Conviví seis años con el piloto y el principito, aunque mi calendario marcó nada más una semana. Estuve ahí cuando todo terminó. Lloré cuando vi caer el pequeño cuerpo sobre la arena y me asombré de no encontrar rastro alguno al día siguiente. Recuerdo lo que dijo: “Lo más importante nunca se ve”, y desde ese día, cada que miro una estrella, le sonrío.

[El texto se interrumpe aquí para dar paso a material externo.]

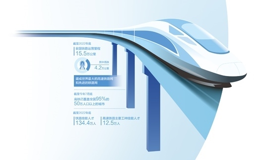 鐵路密布,高鐵飛馳,天塹變通途;以軌為尺,乘風(fēng)而行,天涯若比鄰。據(jù)統(tǒng)計(jì),2022年,全國新增高鐵里程2082公里,年末里程達(dá)到4.2萬公里,均穩(wěn)居世界首位。
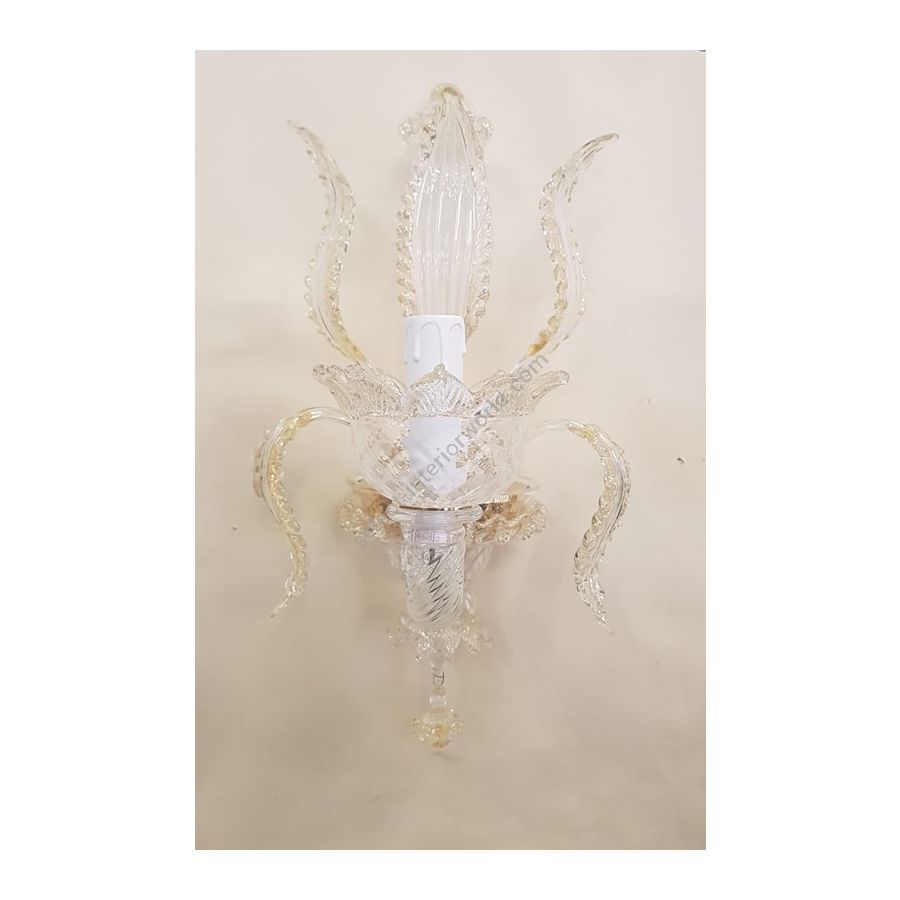 1-flammige Wandlampe aus klarem Muranoglas mit goldenen Verzierungen. Beleuchtungselement, das das Licht mit großer Wirkung in die Umgebung streut und eine warme und einladende Atmosphäre schafft.

Me convertí en una viajera incansable. Recorrí los Cárpatos y la misteriosa tierra de Transilvania, conocí a los Samanas de la mano de Siddhartha, vi los molinos de viento en La Mancha, transité con Jacques Cormery por las ardientes y polvorientas calles de Argel. Cada destino ha enriquecido mi percepción del mundo, me he impregnado de sus atmósferas. He sido una exploradora en busca de algo impreciso, la respuesta a mis dudas existenciales. Y he experimentado el asombro ante esos mundos desconocidos poblados de personajes que hablan ante mí, sin recato, de sus sentimientos y sensaciones más profundas, de las acciones más reprochables. Todavía pienso en Juan Pablo Castel, el pintor que mató a María Iribarne. Me soltó esa confesión así, a sangre fría, y la contundencia de sus palabras hizo que me quedara escuchando su declaración, intentando comprender la razón de su insensatez, hasta llegar a sentir su encierro y a cambiar mi repugnancia por compasión. Esa posibilidad de comunicación con el otro, el desconocido, extranjero, extraño, se ha convertido en mi manera de sondear la existencia, de asomarme a los abismos del alma.

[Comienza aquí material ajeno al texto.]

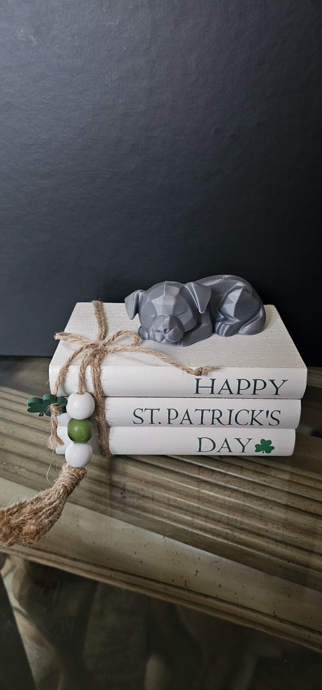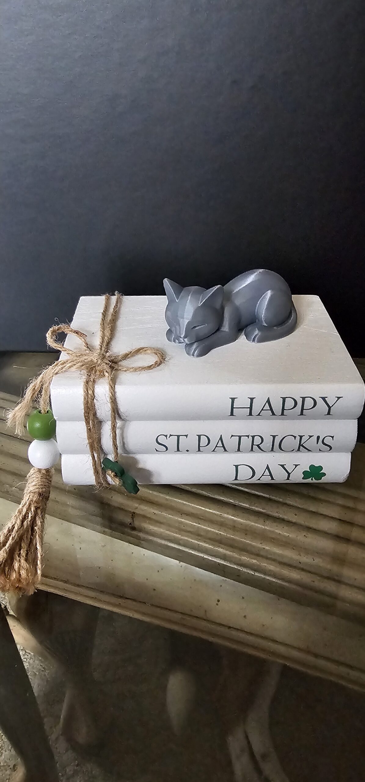 Add a playful touch to your St. Patrick’s Day decor with these charming cat and dog figurines, crafted from a unique blend of 3D-printed materials and wooden book stacks.

Los caminos han sido diversos. A veces, alguien me recomienda el destino; otras, la nueva senda se revela durante el viaje mismo. Y siempre con la guía de un narrador, indicándome esos recovecos inasibles de los sentimientos de los protagonistas, sus sensaciones tan parecidas o distantes de las mías frente a igual estímulo, con el eco de algunas sentencias dando vueltas en mi mente: “no podemos curarnos de ser lo no que somos”. Pero lo intentamos. Y, en ese empeño, el viaje literario es la oportunidad para encontrarse con el otro, que como dijo el poeta, también soy yo.